## What is required
In the copy, keep the lines from the first line of the material below through the line containing "- umožňuje dieťaťu" exactly as they are, and include no pictures.

## Recorded data
···
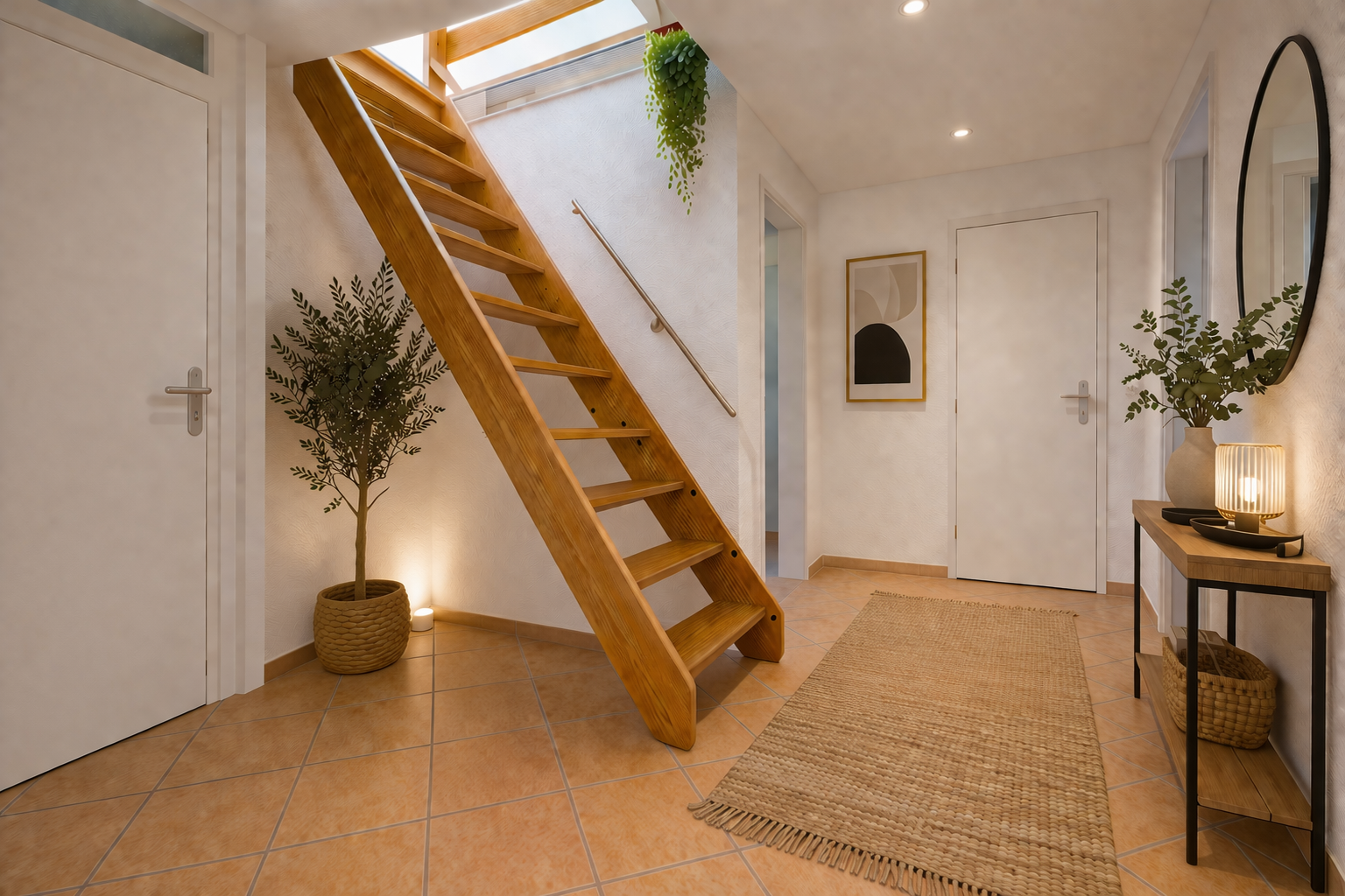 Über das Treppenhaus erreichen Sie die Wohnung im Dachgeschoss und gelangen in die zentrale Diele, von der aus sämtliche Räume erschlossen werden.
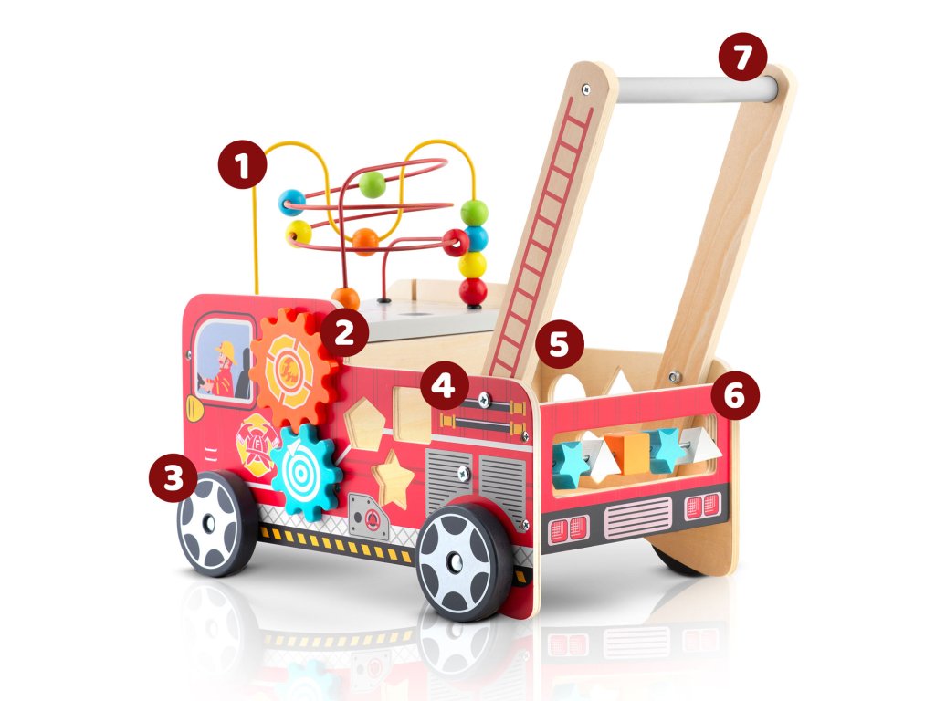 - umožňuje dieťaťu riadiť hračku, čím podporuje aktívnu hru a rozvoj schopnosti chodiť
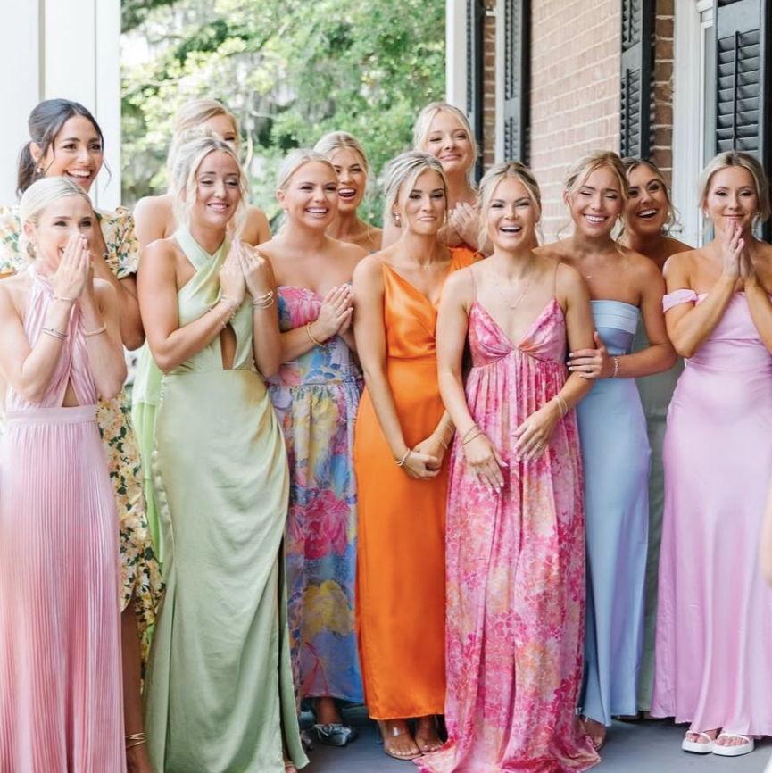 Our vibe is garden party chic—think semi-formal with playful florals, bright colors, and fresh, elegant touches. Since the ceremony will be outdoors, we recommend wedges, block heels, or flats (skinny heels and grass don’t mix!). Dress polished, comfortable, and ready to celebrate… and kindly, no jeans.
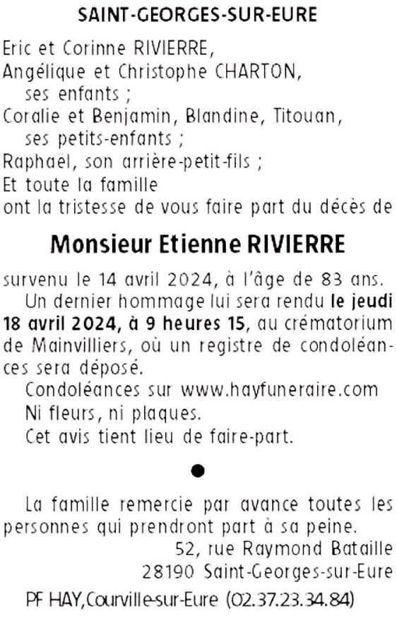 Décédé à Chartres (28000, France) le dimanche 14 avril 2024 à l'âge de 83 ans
···
## Result
 Über das Treppenhaus erreichen Sie die Wohnung im Dachgeschoss und gelangen in die zentrale Diele, von der aus sämtliche Räume erschlossen werden.
 - umožňuje dieťaťu riadiť hračku, čím podporuje aktívnu hru a rozvoj schopnosti chodiť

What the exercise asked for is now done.